“La Favola del figlio cambiato” al Centro Zo nella visione del regista Guido Turrisi e degli Stravaganti

La favola

Nelle foto alcuni momenti della rappresentazione teatrale

Scritta tra l’estate del 1930 e quella del 1932, La favola del figlio cambiato è una composizione favolistica di Luigi Pirandello, ripresa dalla novella Il figlio cambiato, scritta dallo stesso autore nel 1902.
Originariamente in tre atti e cinque quadri, è stata portata sul palcoscenico del Centro Zō di Catania dalla compagnia “Gli Stravaganti”, per la regia di Guido Turrisi, in atto unico.
Ricordi d’infanzia che si fondono con la sua grande umanità, con la fantasia, con il mito e la tradizione, senza peraltro abbandonare l’alta e importante concezione della maternità, portano Pirandello a scrivere La favola del figlio cambiato quale preparazione ai Giganti della Montagna, supportando il lavoro con le musiche di Gian Francesco Malipiero. È la storia di una madre alla quale viene sostituito dalle streghe il proprio figlio, bello e sano, con un altro deforme e cagionevole di salute. Consigliata da alcune amiche, la donna viene condotta da Vanna Scoma, la fattucchiera che le confesserà di aver visto il figlio e di sapere che egli vive in un palazzo reale dove potrà vivere serenamente tra agi e lusso, purché al piccolo deforme “cambiato” non manchino le cure e l’affetto della nuova madre la quale, soprattutto, dovrà rinunciare a cercare il vero figlio.

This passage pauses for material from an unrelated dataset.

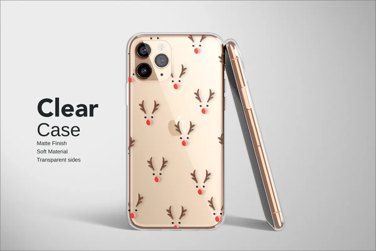Clear Clear Cute Red Nose Reindeer Holiday Pattern Design Phone Case Cover for iPhone 17 Pro Max 16 15 13 Samsung S25 S24 Pixel 8496
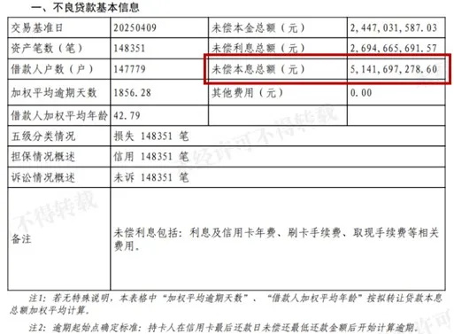 此次在银登中心挂牌转让的51.42亿元信用卡不良资产包,更是凸显了该业务的风险积聚——加权平均逾期天数1856.28天(约5年),借款人加权平均年龄42.79岁,对应14.78万个家庭的债务困境,折射出民生银行在客户筛选、风险管控上的明显漏洞。

LA FAVOLA 1 (2)Dopo qualche anno accade che, in un caffè del villaggio, alcuni avventori chiacchierano sull’arrivo di un principe, infelice e malato nell’anima, che spera di guarire grazie a quel viaggio. Mentre gli avventori commentano la notizia, entra un giovane deforme, conosciuto come “Figlio di re”, che altri non è che quel bambino lasciato in cambio dalle streghe. Il giovane, tra l’ilarità dei presenti, dichiara di essere l’erede del re. La madre, di contro, nel frattempo riconosce nel principe il vero figlio. Questi, stanco della vita di corte e nonostante i ministri lo invitino a ritornare a Palazzo per accudire al padre gravemente malato e calmare gli animi del popolo, comprende che il suo posto è accanto a quella donna che lo crede suo figlio e grazie alla quale, pur rimanendo povero, riacquisterà la salute e sarà felice.
«Nella mia messa in scena – dice Guido Turrisi -, ho fatto il contrario di quanto scritto da Pirandello. In realtà La favola del figlio cambiato è un libretto d’opera per la musica di Malipiero e lui mette dei brani tratti da questo lavoro, dentro I Giganti della Montagna, la sua ultima opera. Io, al contrario, ho preso brani tratti da I Giganti della Montagna, tutti monologhi di Cotrone, e li ho messi dentro la favola per farne anche il prologo e l’epilogo. In pratica, la “compagnia della Contessa” rappresenta questa favola e, alla fine, viene travolta da esseri molto più grandi di quegli attori, i Giganti appunto. Alla fine della rappresentazione compare la frase “…la tragedia della Poesia nella brutale società moderna!”, scritta da Pirandello a Marta Abba, che indica inequivocabilmente la tragedia cui ci si riferisce nella frase stessa, ma anche il trionfo della fantasia costituito da questi “Giganti della montagna”».
In coda allo spettacolo c’è stata anche la proiezione di ritagli di giornali contenenti articoli su fatti di cronaca recentemente accaduti e che riguardano il teatro siciliano…
«È un messaggio rivolto a quei signori che hanno inquisito 72 compagnie. Per me sono proprio questi i “Giganti”, quelli contro cui Pirandello fa combattere la “compagnia della Contessa” sul finale del suo I Giganti della montagna; cose insormontabili a cui nessuno di noi è abituato. Questo credo, invece, che sia il pretesto per togliere il contributo regionale a tutte le compagnie piccole. In questo modo, molti avremo grossi problemi perché non ci si potrà prendere la responsabilità di fare una rassegna teatrale senza una base. Ciò significherà, dunque, meno lavoro per i registi, per le produzioni, ma anche per gli attori. Questo pensiero è stato espresso anche con il funerale inscenato alla fine dello spettacolo e la deposizione di costumi fatta da ciascuno degli attori». Ottime le interpretazioni di Francesca Ferro, Amelia Martelli, Cindy Cardillo, Laura Giordani, Pippo Tomaselli, Antonio Starrantino, Giovanni Strano e Antonio Caruso che hanno saputo dare la giusta intensità ed espressione a ciascun personaggio, dimostrando una notevole abilità anche nel vestire i diversi ruoli.
Perfettamente descrittivi i costumi di Rosy Bellomia; essenziale e d’effetto l’allestimento scenico di Piero Lo Monaco e Mario Platania, accompagnato dall’esperto lavoro di luci di Aldo Ciulla.